Hi, My Names Gwen and I'm 16 years old. And 6 years ago I was diagnosed with Secondary Ciliary Dyskinesia.

My whole childhood I couldn't do what other kids could. I was constantly sick, I switched inhalers, and started taking allergy medication at a young age. I felt different from other kids and even left out when I couldn't play tag or even run around on the playground. Doctors and even school nurses just called me over dramatic because of most of my symptoms. When I went to a ENT he suggested seeing a Pulmonologist and described my symptoms. By 6th grade I had my first Bronchoscopy and was later that month diagnosed with SCD.

I later went on to have 3 bronchoscopy's, 2 sinus surgeries, a tonsillectomy, and adenoid removal. My freshman year of high school I had the smallest wheeze in my lungs, which was not uncommon for me. I then spiked a fever of 104.6 and its continued grow. I was taken to the hospital and put on leviquinn for the first time. It worked but I was scared for my life the whole time. I struggled to breath and barely got any sleep while in the hospital.

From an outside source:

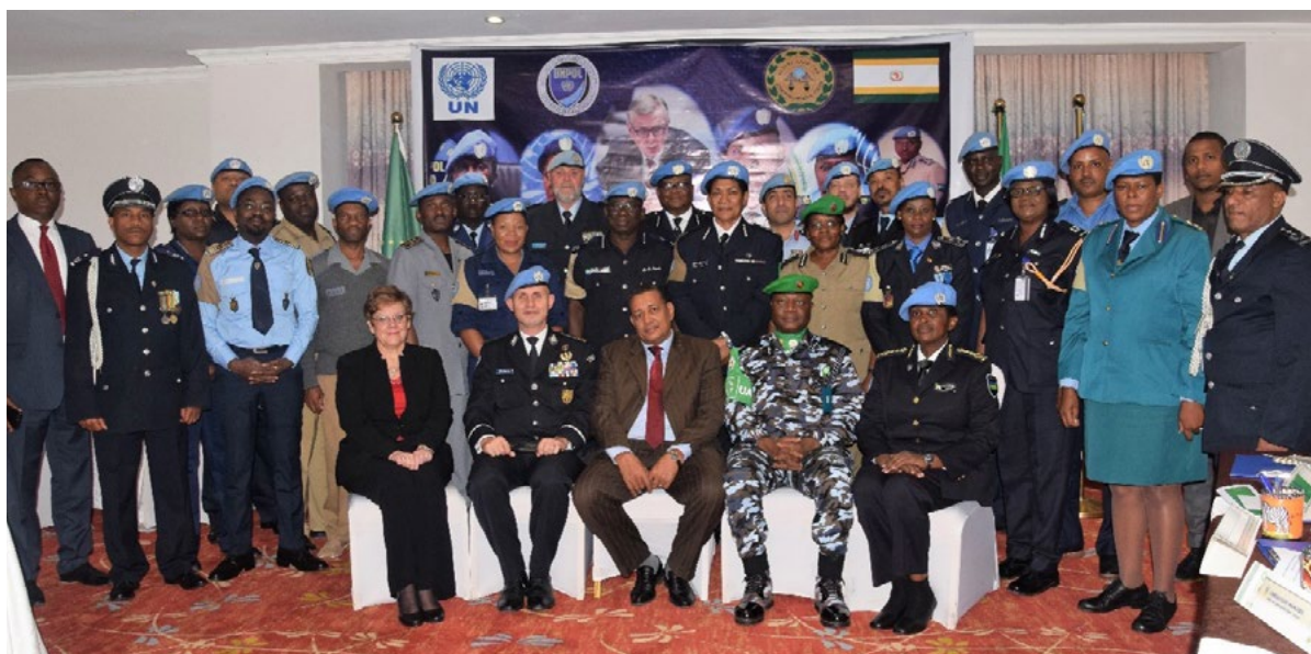
Heads of UN missions police chiefs meet in Addis Ababa at the 3rd Heads of Police Components retreat. 31 July – 2 August 2018.

Since the four pillars were established in 2000, initiatives such as Safe Cities and Safe Public Spaces for Women and Girls have emerged using digital tools as one of the implementation methods in local communities. In Maputo, Mozambique, school girls and boys have held workshops to discuss critical issues around making the city safe for women and girls. Following this activity, social media was used to promote the voices and suggestions of schoolchildren and policy changes to support new safety measures. Using social media made these suggestions public, increased

Each time i miss school due to my illness I have to make up the classes...... even after my surgeries. and exercising is hard enough as is. I have a 504 plan at school, but it does little to nothing for me due to my schools incompetence.

During my last surgery my doctor diagnosed me with Primary Ciliary Dyskinesia. It didn't really effect me at first until I realized I have to live with this my whole life. Due to me missing school no one really takes me seriously and looks down on me. I love to sing, dance, and act. but its hard to do when I get sick. I use a smart-vest everyday and even double up on it when I'm sick. I don't think anyone gets how different I feel. I know it sounds silly but I'm not normal and I never will be.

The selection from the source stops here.